The lifecycle (L) funds, which shift investments to more stable portfolios as participants get closer to retirement, all gained value in July. The L Income Fund, for people who have already begun withdrawing annuities, increased 0.79 percent; L 2020, 1.12 percent; L 2030, 1.91 percent; L 2040, 2.21 percent; and L 2050, 2.48 percent.
In 2018, the L Income Fund has grown 2.12 percent; L 2020, 2.47 percent; L 2030, 3.39 percent; L 2040, 3.74 percent; and L 2050, 4.06 percent.

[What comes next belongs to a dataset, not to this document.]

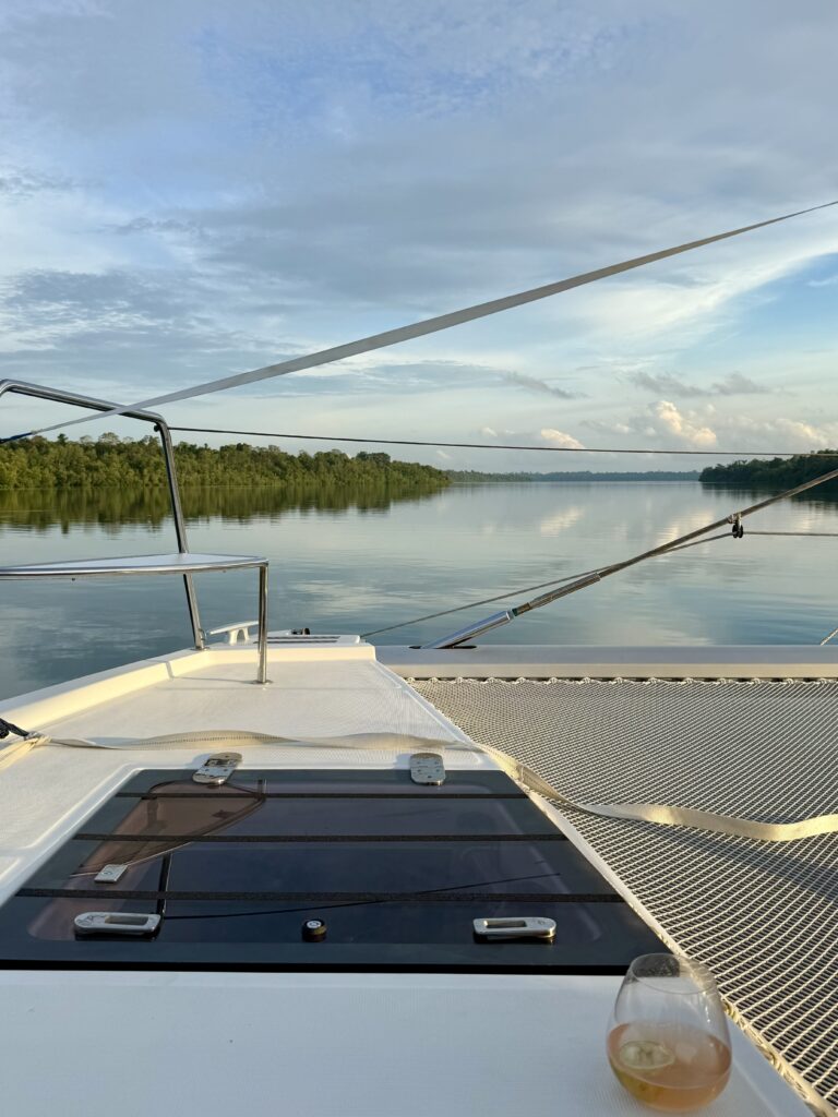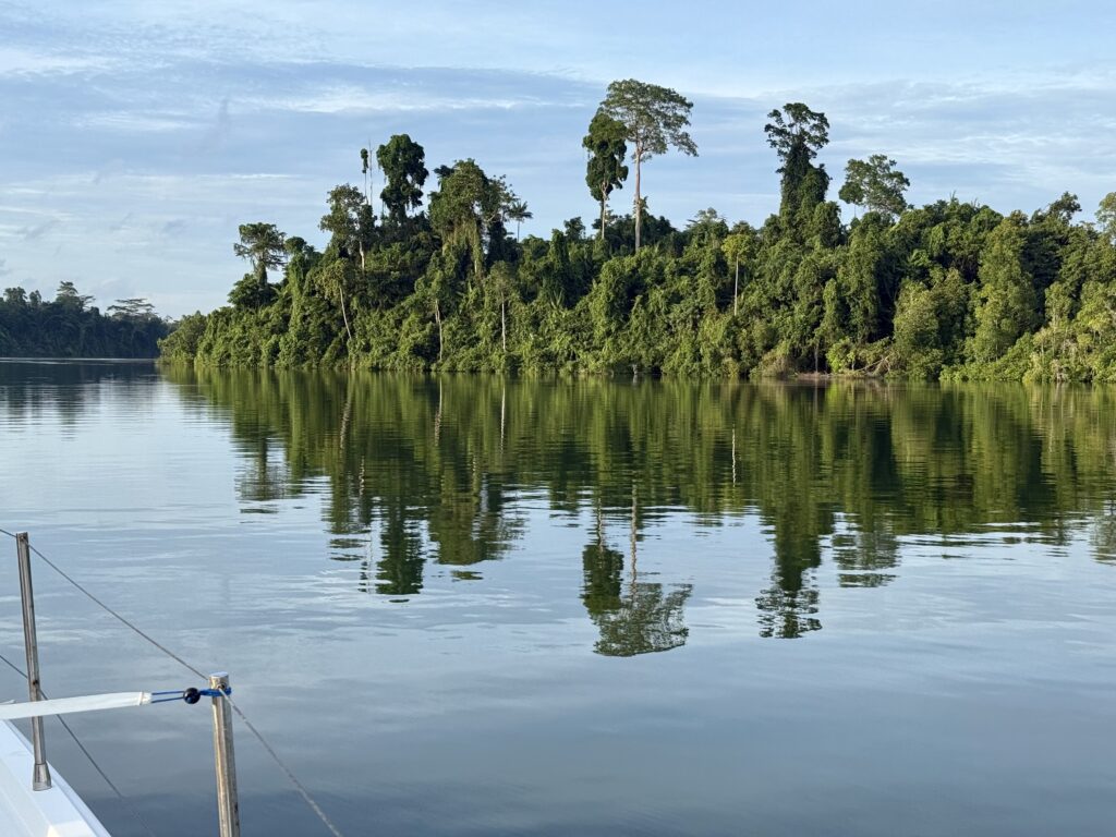 We finally made it to a split in the water, there is an anchorage up the smaller left arm which was idyllic wilderness. We had a wonderful evening listening to the birds going back and forth what was like a huge river. It is actually connected to sea, the water is brown from the rivers that enter it. It was a very peaceful night with loads of insect an frog noises serenading us to sleep. Not a soul in sight, no villages, no boats at all. The current is famous in this area for getting up to 4knots, but it felt like the anchor sunk in mud, so we were happy we were not going to budge.

On Capitol Hill, Sens. Tammy Baldwin, D-Wis., and John Hoeven, R-N.D., introduced legislation Wednesday that would expand job training opportunities for veterans to become pilots after leaving the armed forces.
The American Aviator Act establishes a pilot program for the Federal Aviation Administration to provide grants to support flight training for veterans who are not already military pilots. Veterans who participate in the program would receive training needed to become commercial pilots and earn relevant certifications.
“America’s veterans have bravely served our nation and we have a shared responsibility to make sure their service and sacrifice is honored,” Baldwin said in a statement. “Our veterans have also earned every opportunity to be productive and successful after completing their military service. This legislation increases opportunities for veterans looking to pursue flight training and careers as commercial airline pilots.”
In the House, a bipartisan pair of lawmakers introduced a bill that would ensure that federal workers are not penalized for marijuana use in states where there are legal ways to do so.
The Fairness in Federal Drug Testing Under State Laws Act (H.R. 6589), introduced by Reps. Charlie Crist, D-Fla., and Drew Ferguson, R-Ga., would prohibit agencies from using a failed drug test as the sole reason to deny or terminate employment for a civil service job. But it would exempt positions requiring a top secret security clearance and tests that result from circumstances like suspected impairment at work.
An aide for Crist said the lawmaker was inspired by the large number of veterans in his district who work for the federal government. A growing number of veterans use marijuana products to treat a medical condition.